Nor the heavy rains that washed out fields in northwest Ohio in early spring. Nor the October-like weather that showed up in late August, nor the August weather that showed up in late September.
Each of these is an act of “weather,” according to Aaron Wilson, a senior research associate with OSU Extension. When looked at over a longer period of time, however, these events become part of “climate.”
“You can’t say a single event is climate change,” he said. “What you say is ‘climate change makes these types of events more likely to occur.’”
Whatever you call it, the issue is real for Ohio farmers who are battling historic swings in temperature and precipitation.

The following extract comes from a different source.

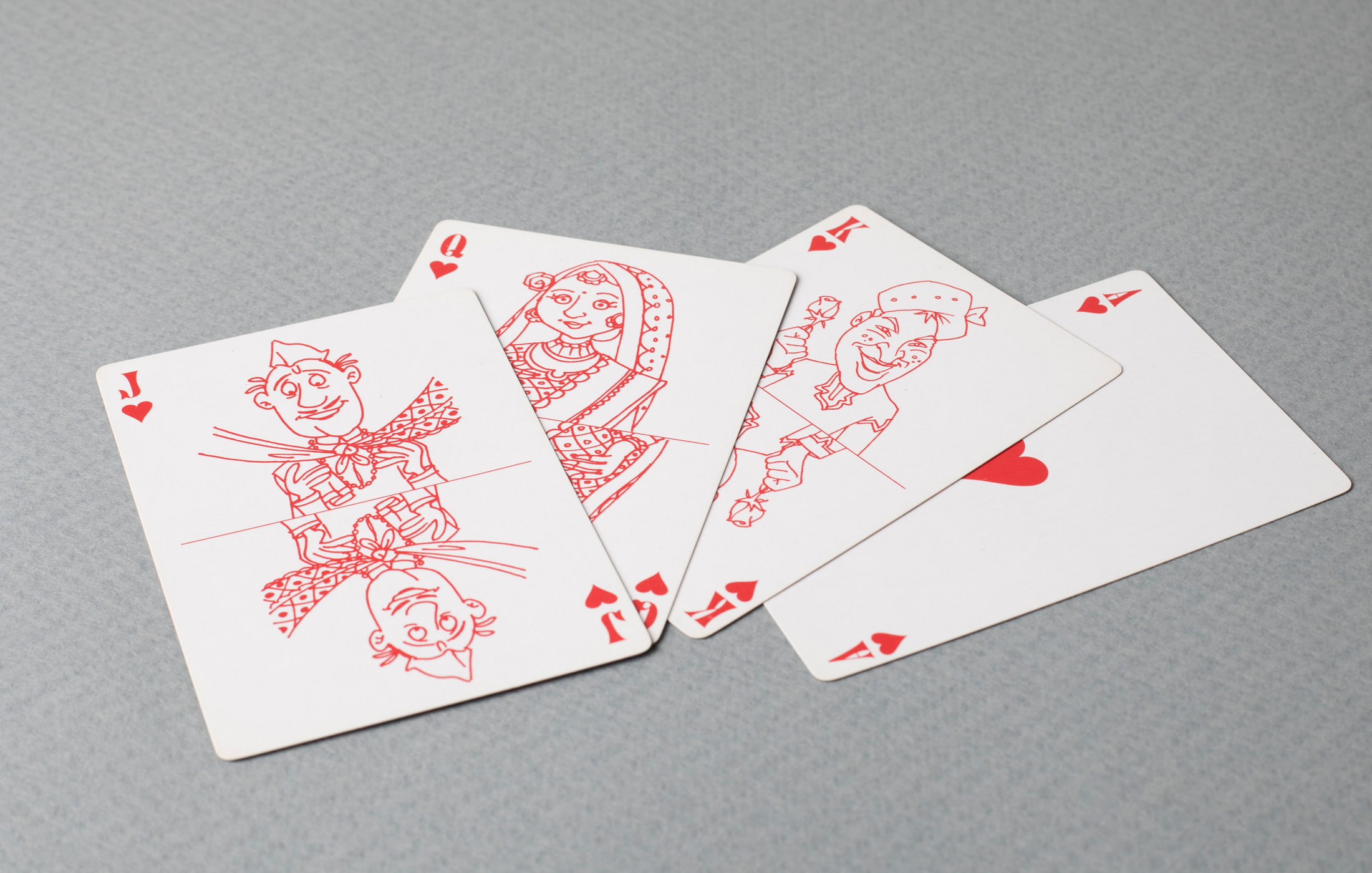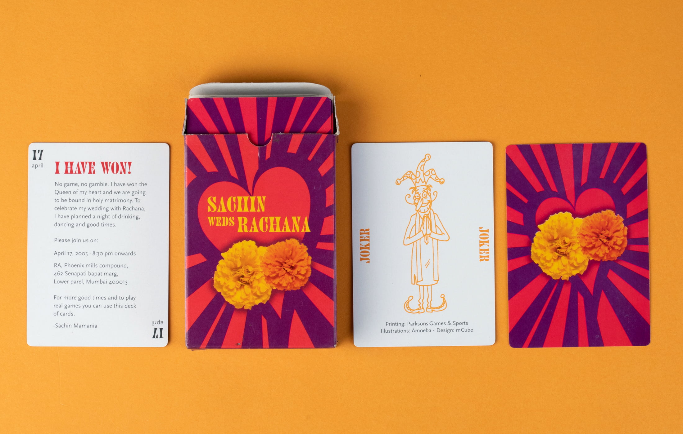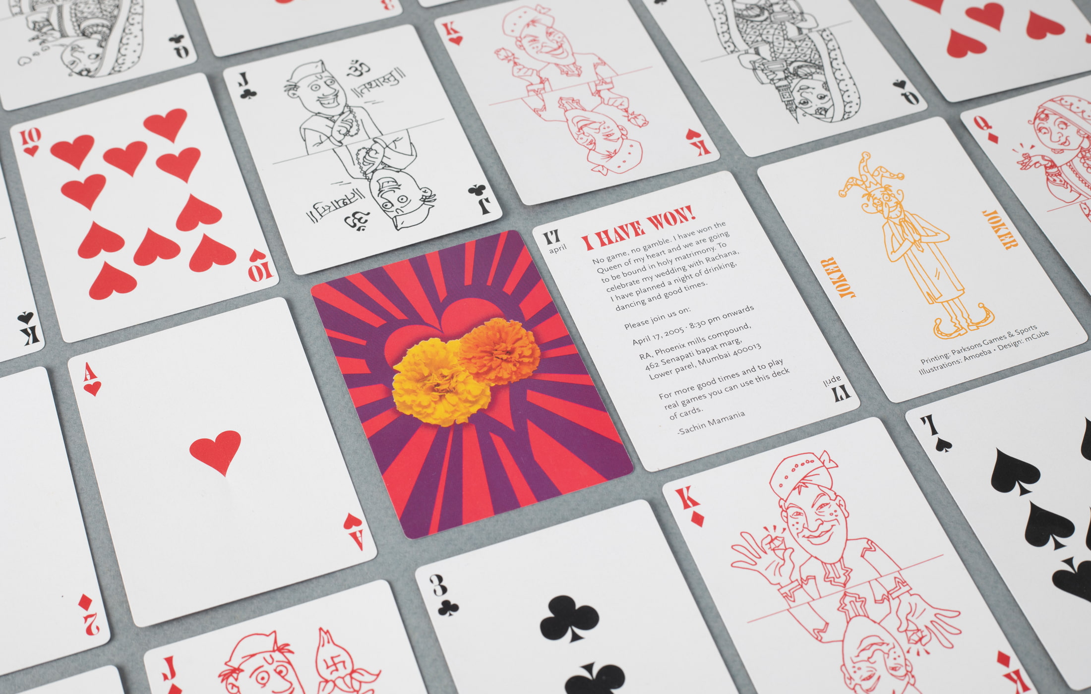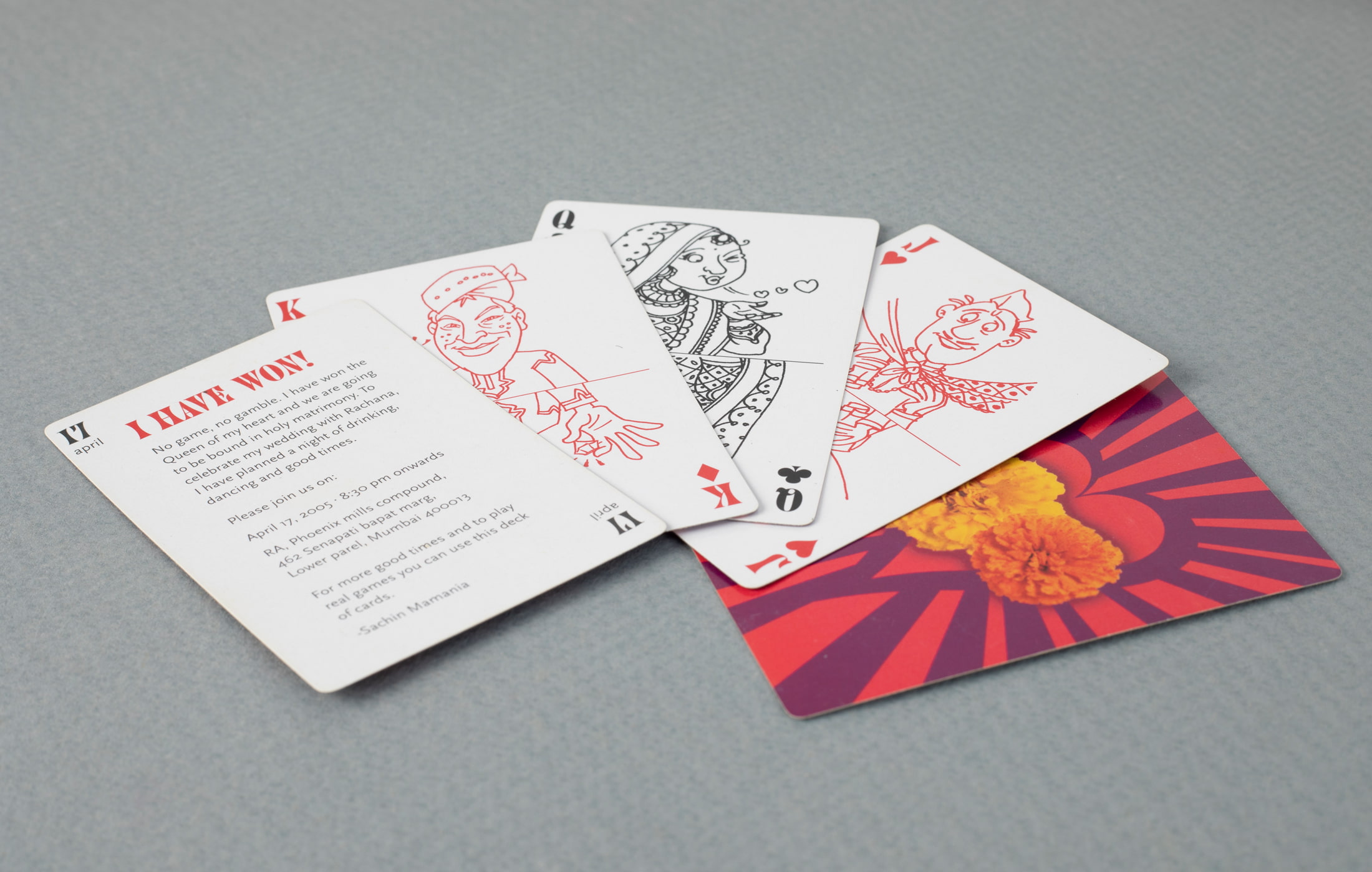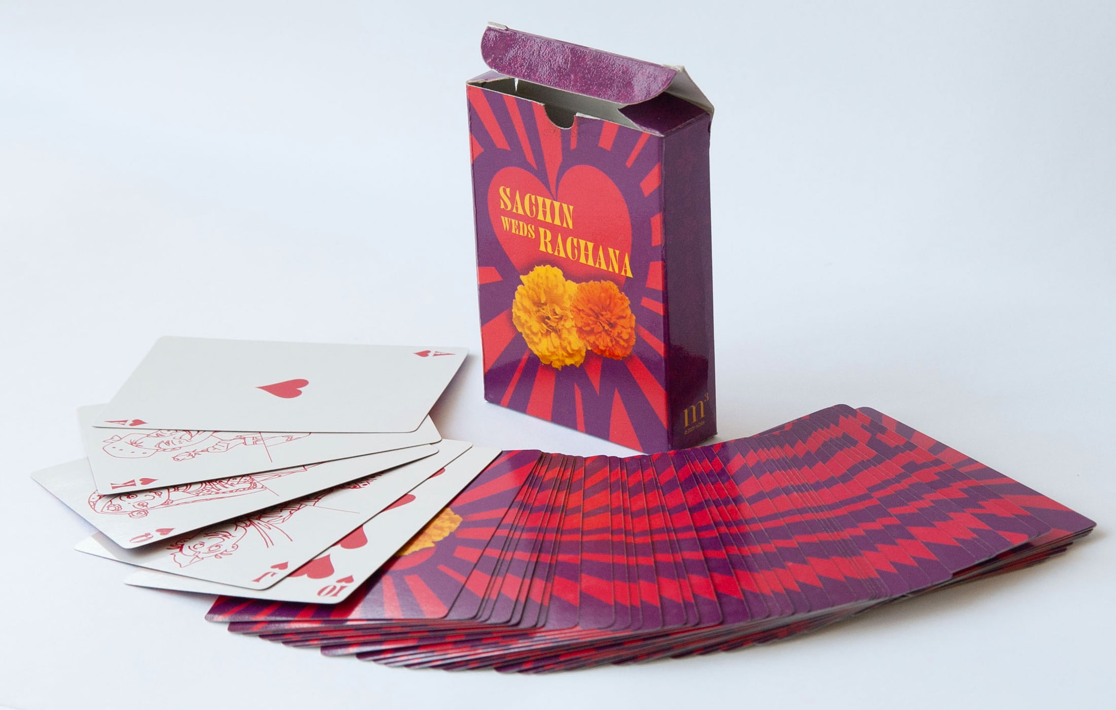 The invitation consisted of a custom-designed deck of cards where all the Kings, Queens, and Jacks were replaced by caricatures of the groom, the bride and the priest respectively. The Jokers are dressed in a traditional Indian outfits and sporting a ‘namaste’ to welcome the guests.

Winters in Ohio are warming quicker than summers, while summer nighttime lows are increasing faster than daytime highs.
And there’s been a noticeable increase in heavy rain events, which not only delay field work, but also cause the kinds of runoff that carries farm nutrients into Lake Erie and Ohio’s inland lakes and streams.
In Darke County, 10 to 12 inches of rain fell in May, causing corn growers to replant. Rainfall for the month typically averages 4 inches, about one-third of what fell this past May, Wilson said.
Across the globe, temperatures have increased by roughly 1.5 degrees Fahrenheit over the past century. The last three years were the three warmest on record.
Changes in temperature and precipitation also contribute to more issues with invasive weeds and insects, including Palmer Amaranth.
Part of the problem, Wilson said, is that winters are staying warmer and we’re seeing earlier warm-ups in late winter, or early spring. That was the case this past February, when warmer temperatures helped get some plants off to an early start — only to be damaged by late season freezes.
This was Wilson’s third year at the Farm Science Review, where he also represented the Byrd Polar and Climate Research Center at Ohio State. He works with a team of researchers who are studying issues related to climate change and trying to share information with the public.
Although the topic can be controversial, Wilson said he wants to work with farmers and also listen to their concerns. He said farmers have an expertise in caring for their land, and are knowledgeable about the kinds of changes happening at their own farm.
“One of my goals is not to alienate people — it’s to help kind of highlight the science of climate change,” he said. “(And) get rid of the political baggage that comes along with it.”
One thing farmers always want to know is what the upcoming season will bring, and of course, “How soon can I plant?”
From what Wilson can tell, it looks like the heat will give way to daytime highs in the 60s by the end of September and into the first of October.
Looking to winter
He sees a strong probability of a La Nina winter, which, in Ohio, usually means highly variable weather.
During a La Nina winter, the Ohio Valley usually experiences highly variable temperatures that usually average out to be slightly warmer.
He’s also keeping an eye on soil moisture. While most of the state looks pretty good, some northern Ohio counties are drying out.
According to the U.S. Drought Monitor, at least 10 northern Ohio counties were experiencing abnormally dry soil moisture, as of the Sept. 21 report. Pennsylvania had three counties abnormally dry, all in western Pennsylvania. The “abnormally dry” designation is the first in five drought severity indexes.